The Jewish Committee on the Middle East (JCOME), based in Washington,
DC, was established several months after the Palestinian uprising
began last December. The group has already placed its founding statement,
headlined "Time To Dissociate from Israeli Policies" in
the Nation (February 13), the Congressional Record (February 29),
the Christian Science Monitor (March 4) and the New York Review
of Books (March 3 1.)
The statement criticizes what it calls Israel's "tragically
misguided approach toward the Arab world ... a racialist ideology
and a growing militancy." The signatories call on the United
States to "normalize" its relationship with Israel by
re-evaluating its "sponsorship" of Israel and by radically
reducing both economic and military aid to the Jewish state. "The
citizens of Israel," the statement concludes, "will ultimately
choose their own country's destiny.

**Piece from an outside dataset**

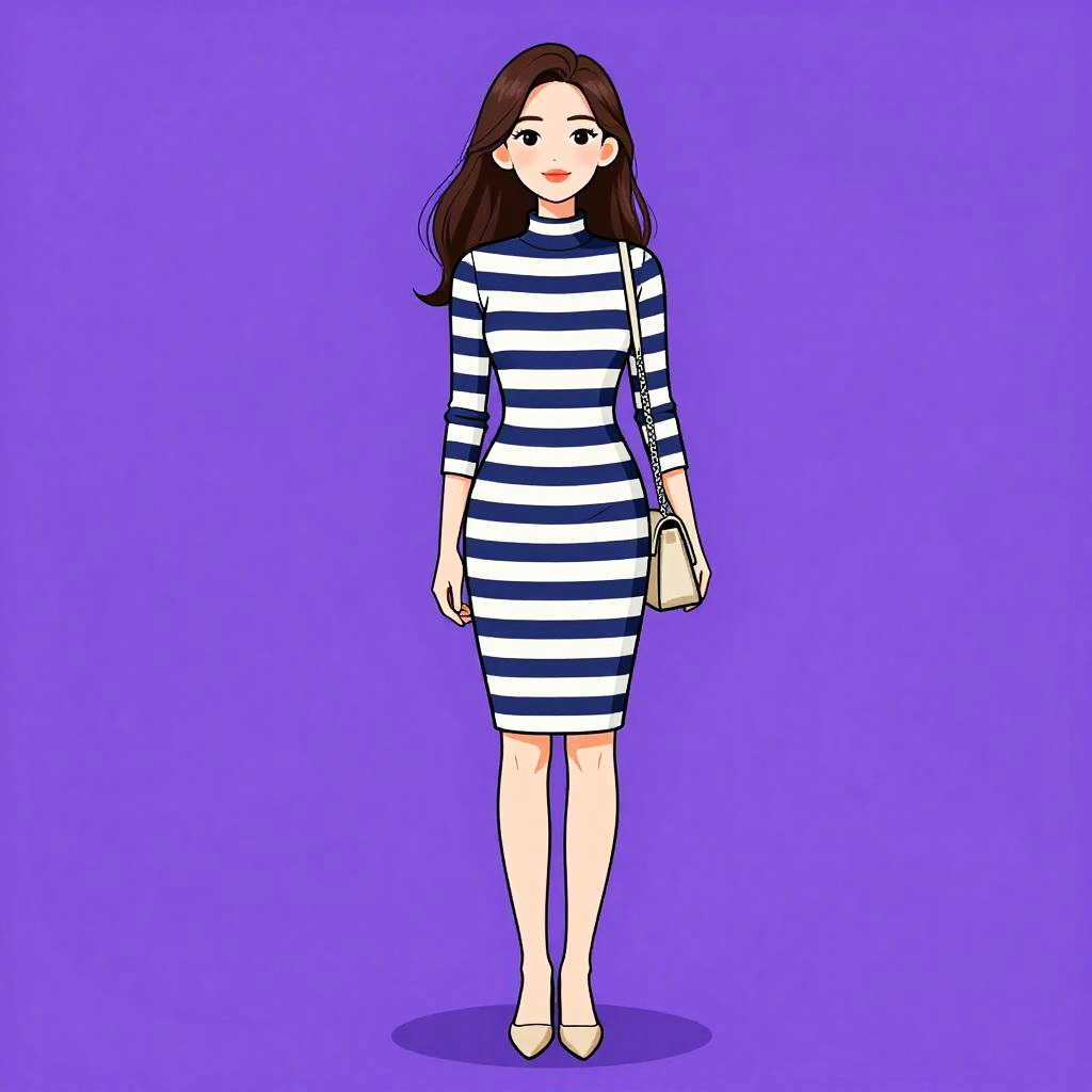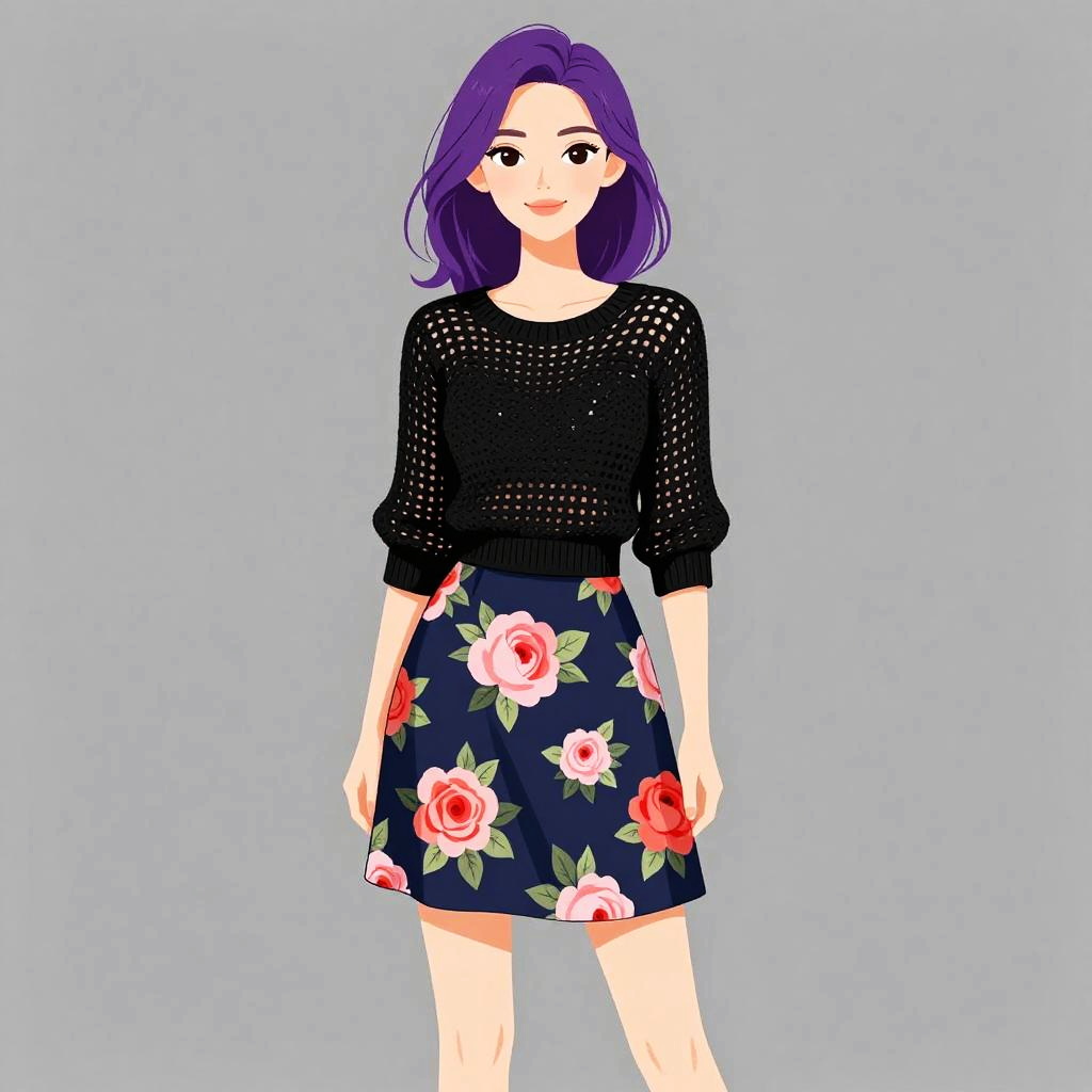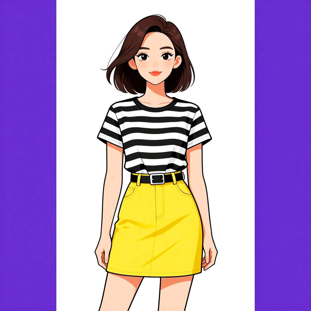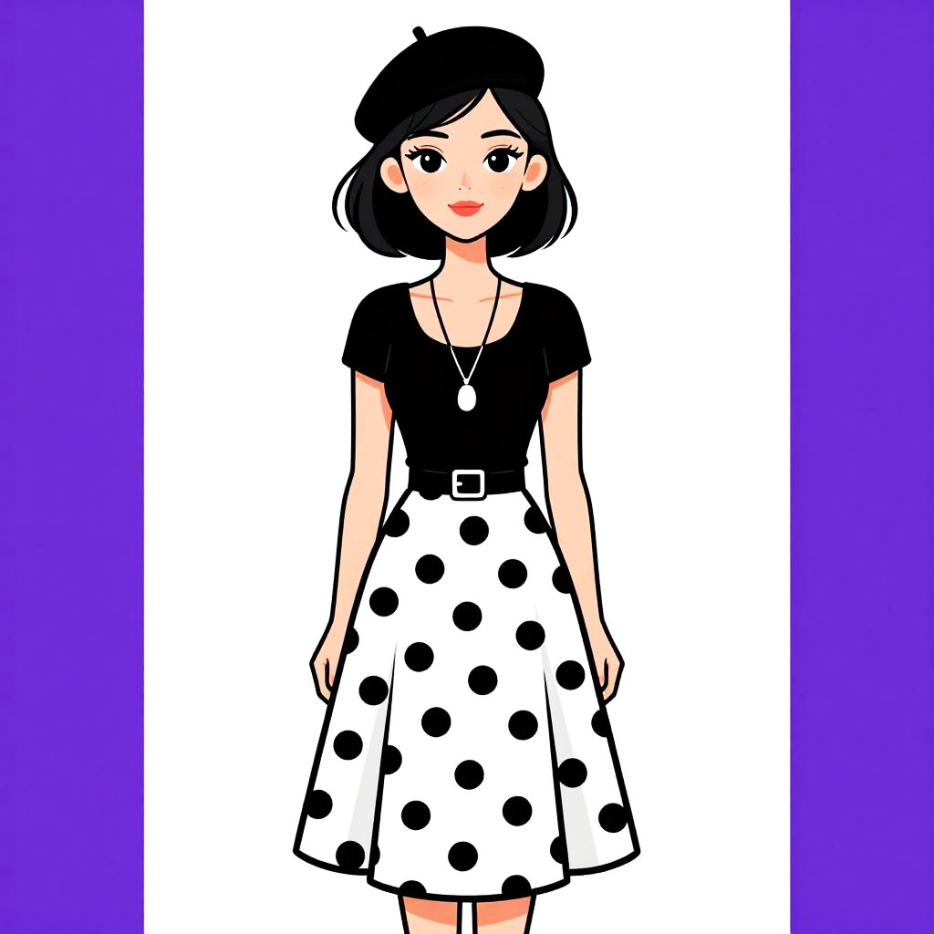 Woman with pretty face and pretty hair. Woman, contemporary with a vintage twist, black short-sleeve top, scoop neckline, paired with a high-waisted white skirt featuring large black polka dots, flared silhouette, above-knee length, thin black belt with a small buckle, long pendant necklace, black beret, white background. --sref 1467

But at the very least the citizens
of the United States should stop financing and supporting policies
that are contrary to the principles and values we hold precious
as Americans and as Jews."
According to JCOME chairperson Mark Bruzonsky, a former Washington
associate of the World Jewish Congress, 500 Jews throughout the
country signed the statement. Members of the group's executive committee
include Professor Yigal Arens from the University of Southern California,
son of former Israeli ambassador Moshe Arens; Harvard University
Professor Zachary Lockman; prominent New York civil rights lawyer
Henry Schwarzchild; Stanford University Professor Joel Beinin; and
Professor Herbert Hill from the University of Wisconsin, a former
labor director at the NAACP.
Schwarzchild testified on behalf of JCOME at hearings held by the
Congressional Black Caucus on April 26. He told the congressmen
that, "So long as Israel knows that the Americans will pay
the bill, that the American Congress will bail them (the Israelis)
out, that the American secretary of state will fly around trying
to put out the fires they have created, so long as this unnatural
situation is allowed to exist, Israel will not be forced to confront
her own political and ideological problems."
Lockman, who teaches Middle East history, argues that American
Jews who support a freeze or reduction in US aid may still care
about Israel and its security needs. "But that does not mean
we want the US to continue financing Israeli policies such as deporting
Palestinians and blowing up their homes." Arens—like
his father, a citizen of both the United States and Israel—acknowledges
that Israel does not have the "friendliest neighbors. But it
must learn to live with these neighbors. And this will happen only
when the United States stops funding the occupation."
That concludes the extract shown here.